**Your instructions**. Please repeat, precisely as written, only the lines from the one containing "Spolehlivá ostřička pilových" through the last line of the records below, pictures omitted.

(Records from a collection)
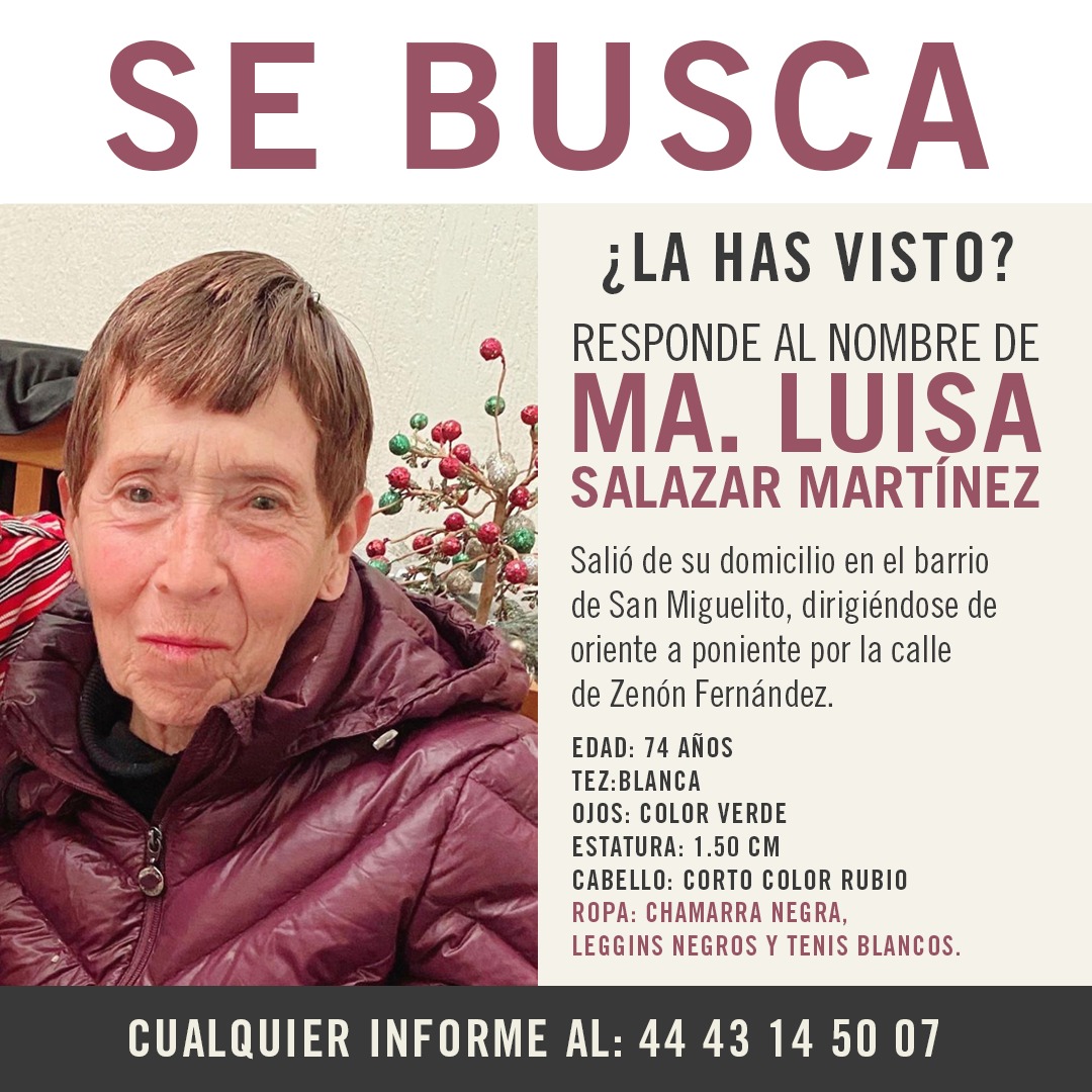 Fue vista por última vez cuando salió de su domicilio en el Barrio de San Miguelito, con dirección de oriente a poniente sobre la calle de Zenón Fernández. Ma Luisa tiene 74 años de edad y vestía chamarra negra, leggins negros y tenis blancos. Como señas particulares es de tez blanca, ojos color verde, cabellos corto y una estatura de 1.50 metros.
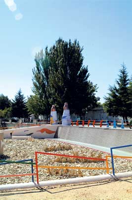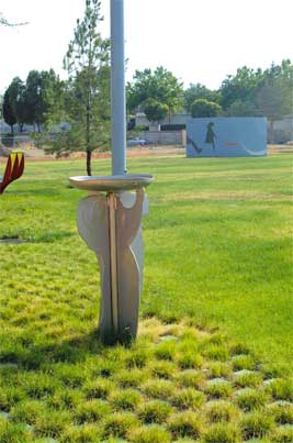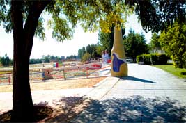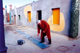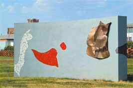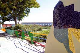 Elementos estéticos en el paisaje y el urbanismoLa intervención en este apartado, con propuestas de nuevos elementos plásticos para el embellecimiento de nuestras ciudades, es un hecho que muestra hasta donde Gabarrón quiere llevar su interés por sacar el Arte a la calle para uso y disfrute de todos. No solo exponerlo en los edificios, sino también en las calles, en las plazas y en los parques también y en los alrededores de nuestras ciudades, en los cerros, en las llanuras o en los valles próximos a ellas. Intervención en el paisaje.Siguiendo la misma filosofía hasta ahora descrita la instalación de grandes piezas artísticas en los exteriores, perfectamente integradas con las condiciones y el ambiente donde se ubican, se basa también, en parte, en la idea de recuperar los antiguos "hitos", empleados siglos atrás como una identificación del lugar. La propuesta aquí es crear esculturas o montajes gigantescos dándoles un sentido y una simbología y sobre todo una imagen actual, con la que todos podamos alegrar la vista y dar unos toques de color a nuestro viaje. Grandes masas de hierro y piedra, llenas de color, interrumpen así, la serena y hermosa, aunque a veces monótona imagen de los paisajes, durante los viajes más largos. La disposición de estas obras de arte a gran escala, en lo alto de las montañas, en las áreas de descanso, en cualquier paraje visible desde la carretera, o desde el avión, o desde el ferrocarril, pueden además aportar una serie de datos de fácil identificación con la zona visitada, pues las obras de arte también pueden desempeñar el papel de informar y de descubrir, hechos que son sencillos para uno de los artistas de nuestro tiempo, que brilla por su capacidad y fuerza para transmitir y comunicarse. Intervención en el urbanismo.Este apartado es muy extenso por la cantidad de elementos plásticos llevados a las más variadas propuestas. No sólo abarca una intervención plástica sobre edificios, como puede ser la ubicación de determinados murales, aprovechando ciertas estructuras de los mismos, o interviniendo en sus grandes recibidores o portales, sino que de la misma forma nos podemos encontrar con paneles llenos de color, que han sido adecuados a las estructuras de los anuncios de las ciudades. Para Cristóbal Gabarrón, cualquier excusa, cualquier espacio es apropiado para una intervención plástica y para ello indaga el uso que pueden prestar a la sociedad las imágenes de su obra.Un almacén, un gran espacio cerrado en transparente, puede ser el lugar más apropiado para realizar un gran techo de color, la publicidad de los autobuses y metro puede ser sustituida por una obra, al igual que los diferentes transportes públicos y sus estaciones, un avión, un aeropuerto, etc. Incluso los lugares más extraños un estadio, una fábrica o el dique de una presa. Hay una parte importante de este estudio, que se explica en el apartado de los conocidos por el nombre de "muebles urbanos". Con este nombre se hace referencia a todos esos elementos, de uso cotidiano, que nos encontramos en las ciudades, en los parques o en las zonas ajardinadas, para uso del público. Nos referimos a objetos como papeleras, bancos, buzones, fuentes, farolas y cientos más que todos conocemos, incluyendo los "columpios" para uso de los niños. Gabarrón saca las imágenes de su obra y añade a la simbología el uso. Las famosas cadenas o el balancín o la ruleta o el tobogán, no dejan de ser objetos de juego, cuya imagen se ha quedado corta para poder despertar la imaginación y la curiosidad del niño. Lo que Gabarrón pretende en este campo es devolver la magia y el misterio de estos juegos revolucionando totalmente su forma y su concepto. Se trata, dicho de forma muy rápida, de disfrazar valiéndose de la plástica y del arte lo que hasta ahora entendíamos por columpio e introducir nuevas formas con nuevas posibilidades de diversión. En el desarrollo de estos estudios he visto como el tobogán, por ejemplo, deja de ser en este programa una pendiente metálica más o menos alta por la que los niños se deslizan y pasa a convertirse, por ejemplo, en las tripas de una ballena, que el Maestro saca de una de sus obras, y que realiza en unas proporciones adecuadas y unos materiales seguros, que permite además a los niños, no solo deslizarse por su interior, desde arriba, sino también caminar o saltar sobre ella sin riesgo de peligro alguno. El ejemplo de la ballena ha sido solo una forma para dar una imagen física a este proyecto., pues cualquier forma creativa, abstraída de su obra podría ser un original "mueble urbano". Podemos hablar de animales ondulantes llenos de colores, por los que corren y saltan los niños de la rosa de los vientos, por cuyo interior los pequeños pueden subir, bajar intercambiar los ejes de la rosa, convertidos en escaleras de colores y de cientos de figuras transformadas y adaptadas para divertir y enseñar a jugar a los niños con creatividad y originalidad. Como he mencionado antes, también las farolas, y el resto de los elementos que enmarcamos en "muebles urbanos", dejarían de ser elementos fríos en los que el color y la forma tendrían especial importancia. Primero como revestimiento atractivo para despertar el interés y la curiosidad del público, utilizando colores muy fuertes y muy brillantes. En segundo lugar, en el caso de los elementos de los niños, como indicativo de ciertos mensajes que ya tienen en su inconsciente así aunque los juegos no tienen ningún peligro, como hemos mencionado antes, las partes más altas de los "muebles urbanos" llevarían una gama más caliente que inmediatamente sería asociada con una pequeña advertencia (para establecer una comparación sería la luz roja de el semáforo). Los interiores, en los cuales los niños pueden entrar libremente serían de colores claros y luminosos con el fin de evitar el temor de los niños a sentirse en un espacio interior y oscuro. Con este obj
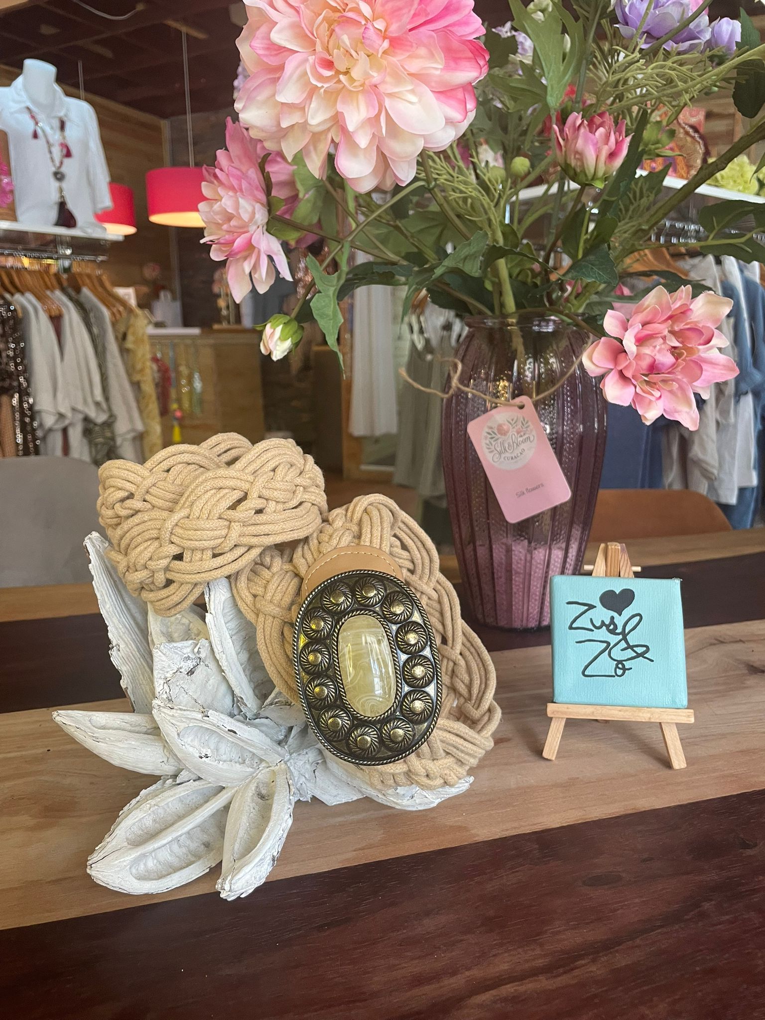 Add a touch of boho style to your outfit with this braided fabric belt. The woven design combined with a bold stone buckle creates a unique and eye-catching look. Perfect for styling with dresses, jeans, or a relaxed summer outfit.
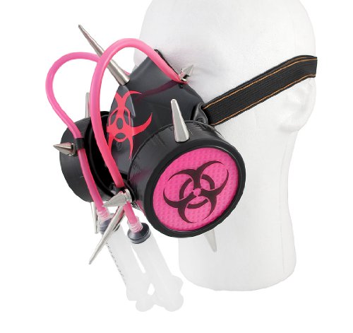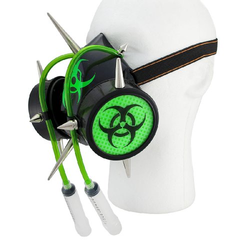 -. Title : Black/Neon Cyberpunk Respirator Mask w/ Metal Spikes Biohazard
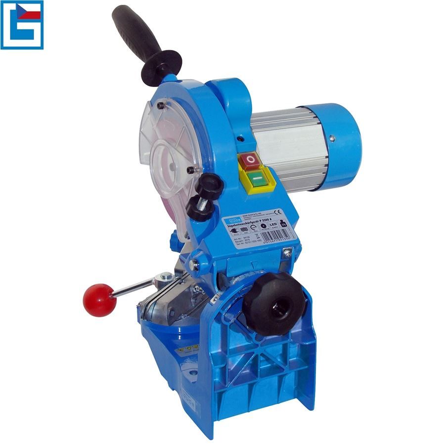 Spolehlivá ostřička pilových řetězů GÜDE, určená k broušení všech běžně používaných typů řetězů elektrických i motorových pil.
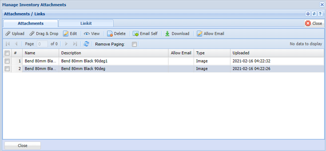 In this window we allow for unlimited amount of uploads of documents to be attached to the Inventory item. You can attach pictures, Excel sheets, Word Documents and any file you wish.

**The answer**.
 Spolehlivá ostřička pilových řetězů GÜDE, určená k broušení všech běžně používaných typů řetězů elektrických i motorových pil.
 In this window we allow for unlimited amount of uploads of documents to be attached to the Inventory item. You can attach pictures, Excel sheets, Word Documents and any file you wish.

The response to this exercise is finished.